L’incipit della settimana: Carlo Greppi, Bruciare la frontiera
Non è che si diventa grandi così, un giorno, perché è scritto sul calendario.
La prima volta che Francesco aveva avuto la netta sensazione di essere grande – di essere qualcosa di compiuto, definito – era stato cinque anni prima, più o meno. Una mattina di quelle con il cielo che promette pioggia, in terza media. L’aria gli arrivava in faccia nonostante il cappuccio e la sciarpa tirata sopra il naso – i guanti no, quelli non li metteva mai perché le mani erano sempre in tasca. Aspettava gli altri davanti a scuola: visto che era quello che abitava più vicino di tutti arrivava sempre un po’ prima e si appollaiava sulla ringhiera. Ricorda il freddo alle dita, ricorda quella sensazione di essere vivo e di avere dei pensieri suoi, ma proprio suoi.
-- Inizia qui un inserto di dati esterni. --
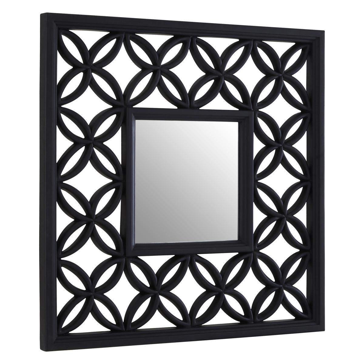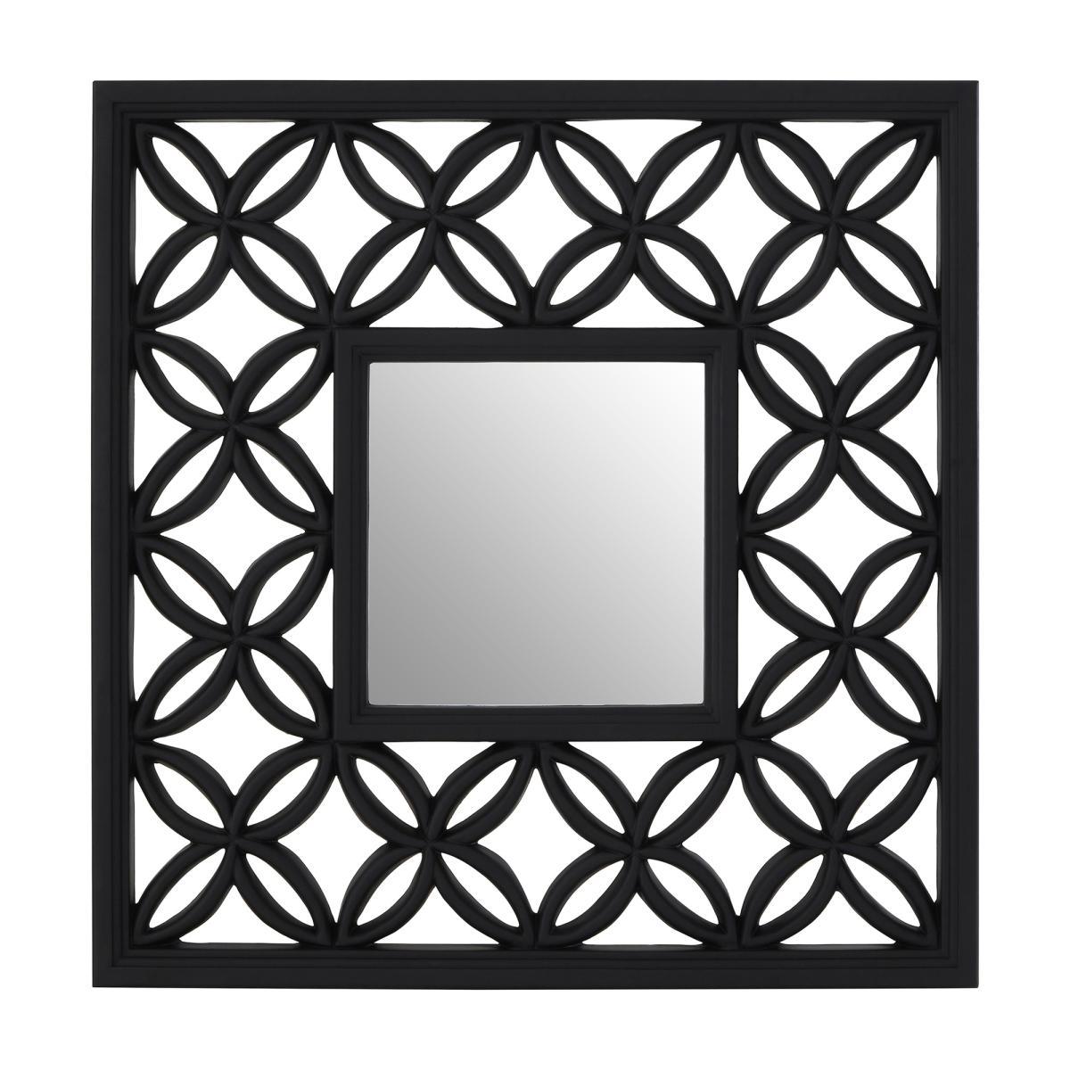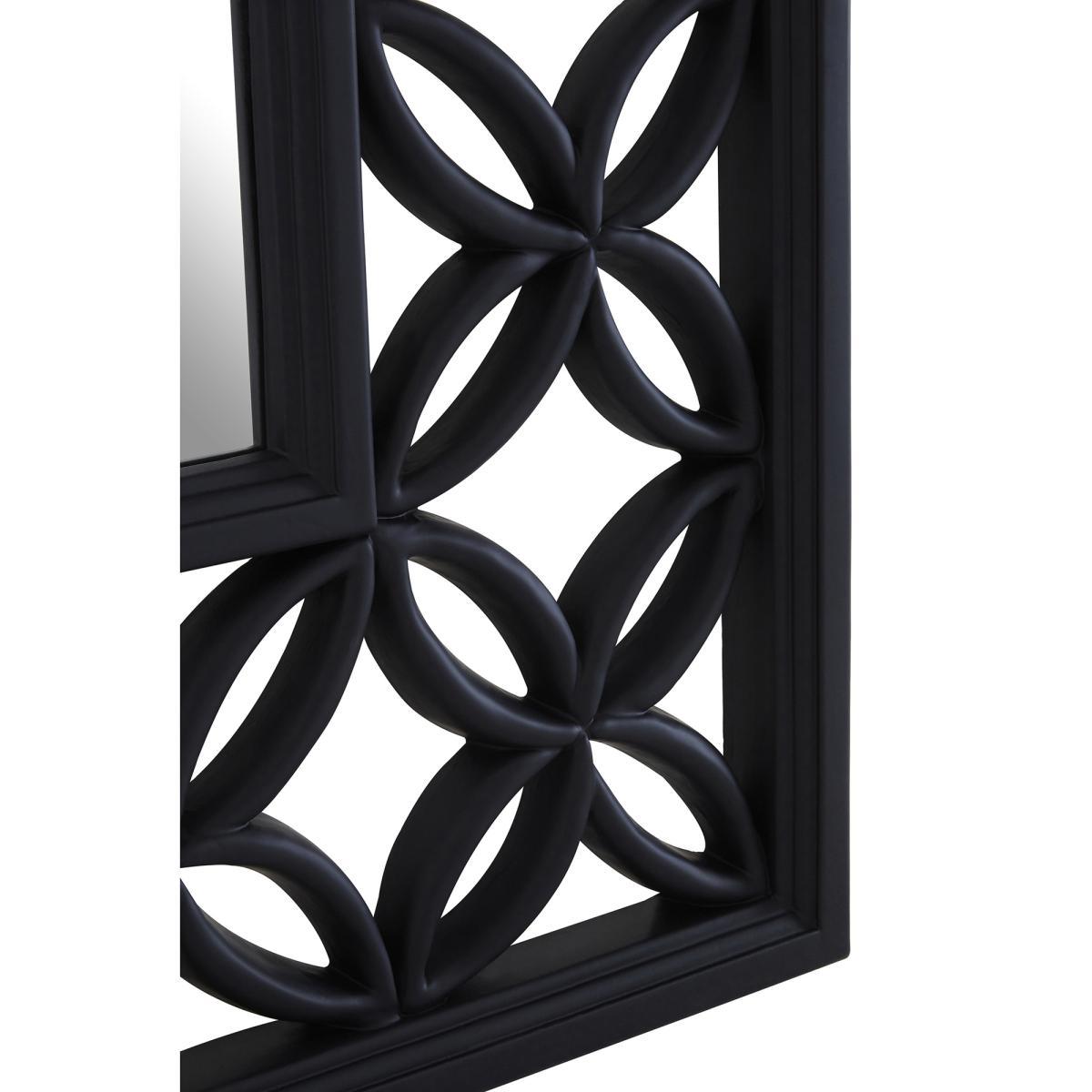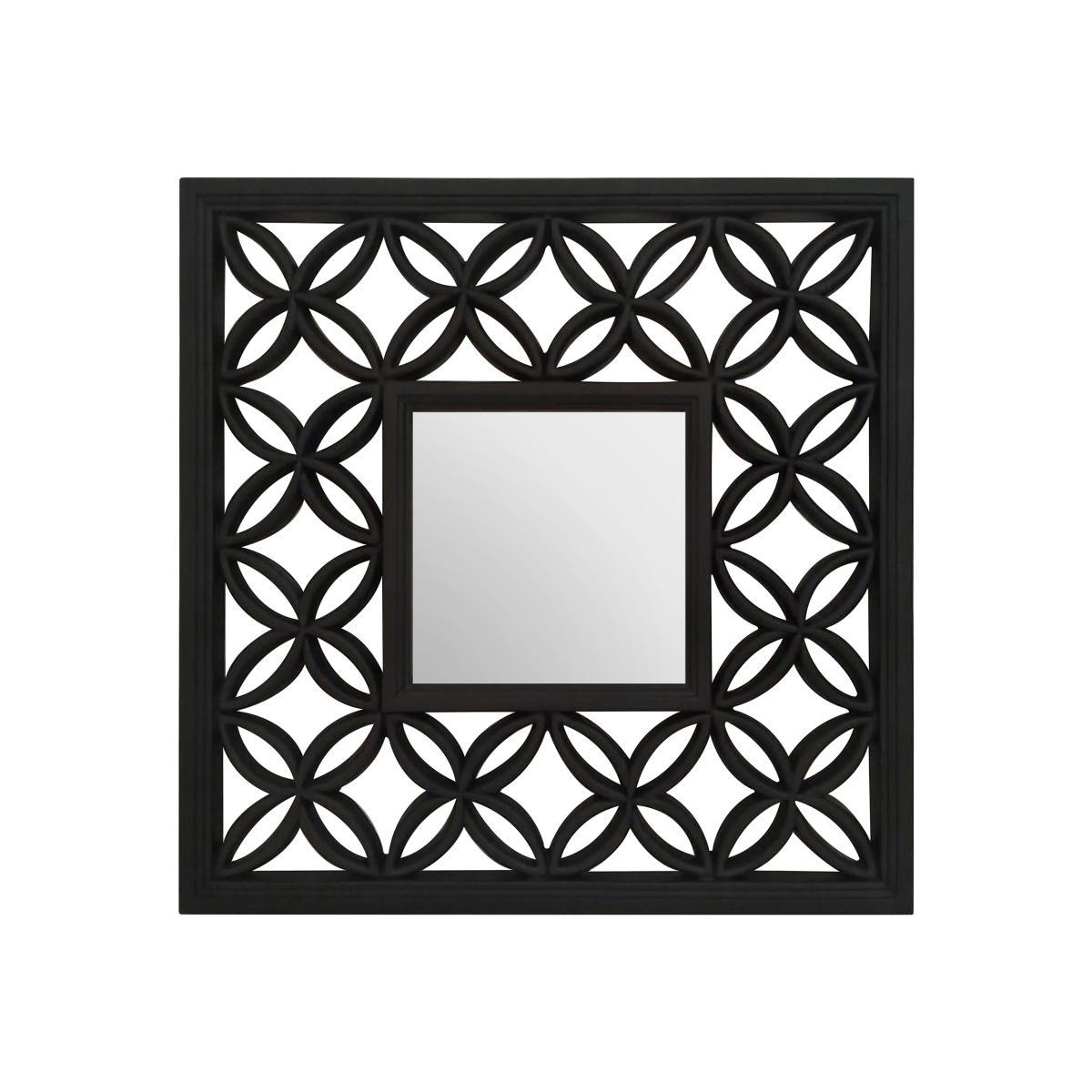 This product will be dispatched by one of our trusted suppliers. From one perspective this mirror's black frame is comprised of a series of petal shapes arranged around the central reflective surface. Viewed alternatively, circles envelop elongated diamond shapes. Both perspectives are inspired by exotic Moorish design motifs, making this wall mirror suited to Traveller / Fusion design settings. Product Dimensions:W88 x H88 cm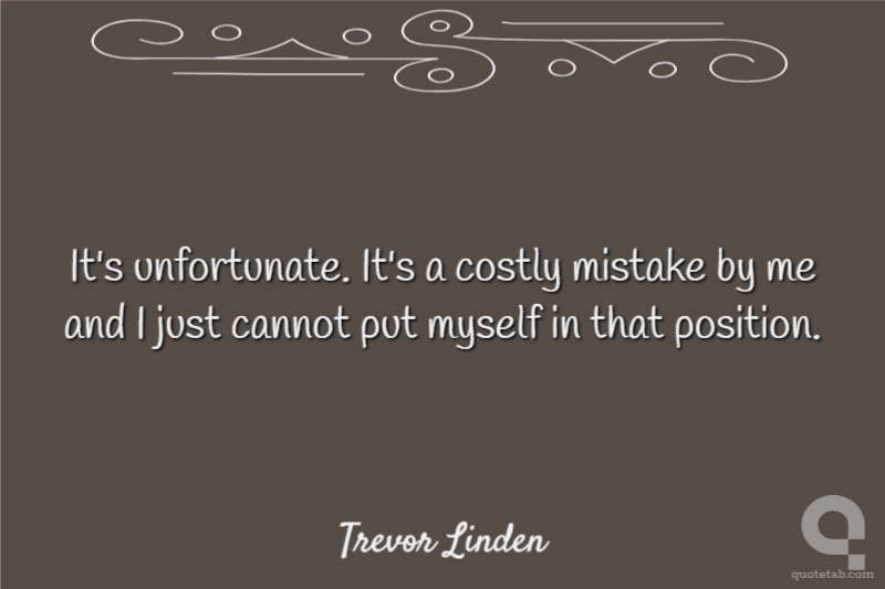 It's unfortunate. It's a costly mistake by me and I just cannot put myself in that position.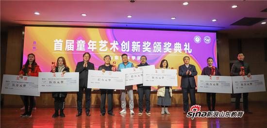 颁奖典礼上,山东艺术学院教育发展基金会秘书长、学校党办院办主任孔亮作首届童年艺术创新奖评选情况的说明。他讲到,依据《“童年艺术创新奖”评选办法》,首届童年艺术创新奖评审委员会7位专家在监督组的监督下,对申报参评、创作于2018年1月1日至2018年12月31日期间的17项作品(含集体项目7项,个人项目10项)进行了认真评选,评选程序规范严格,公正公平公开。最终,庆祝改革开放40周年“时代的温度”山东艺术学院建校60周年美术作品展、大型原创歌剧《檀香刑》获评重大项目,每个项目奖励10万元;纪录片《河水洋洋》、三人舞《海洋有个王大娘》和群舞《喜饽饽》《闯海人》《喜鹊衔梅》获评个人项目,每个项目奖励5万元。

Però un giorno così lo aspetti tutta la vita, in realtà. In quel momento per il resto del mondo – per quel resto del mondo che hai passato gran parte del tempo a combattere, o almeno a evitare – tu incominci a esistere. Il diritto di voto, firmarsi le giustifiche, le cose che ti fanno sentire cresciuto veramente. La patente, anche se la macchina te la potrai permettere se va bene tra quindici anni.
Francesco salta sulla bici e parte, la musica nelle orecchie.
Carlo Greppi, Bruciare la frontiera, Feltrinelli UP, 2018, pp. 176, €13.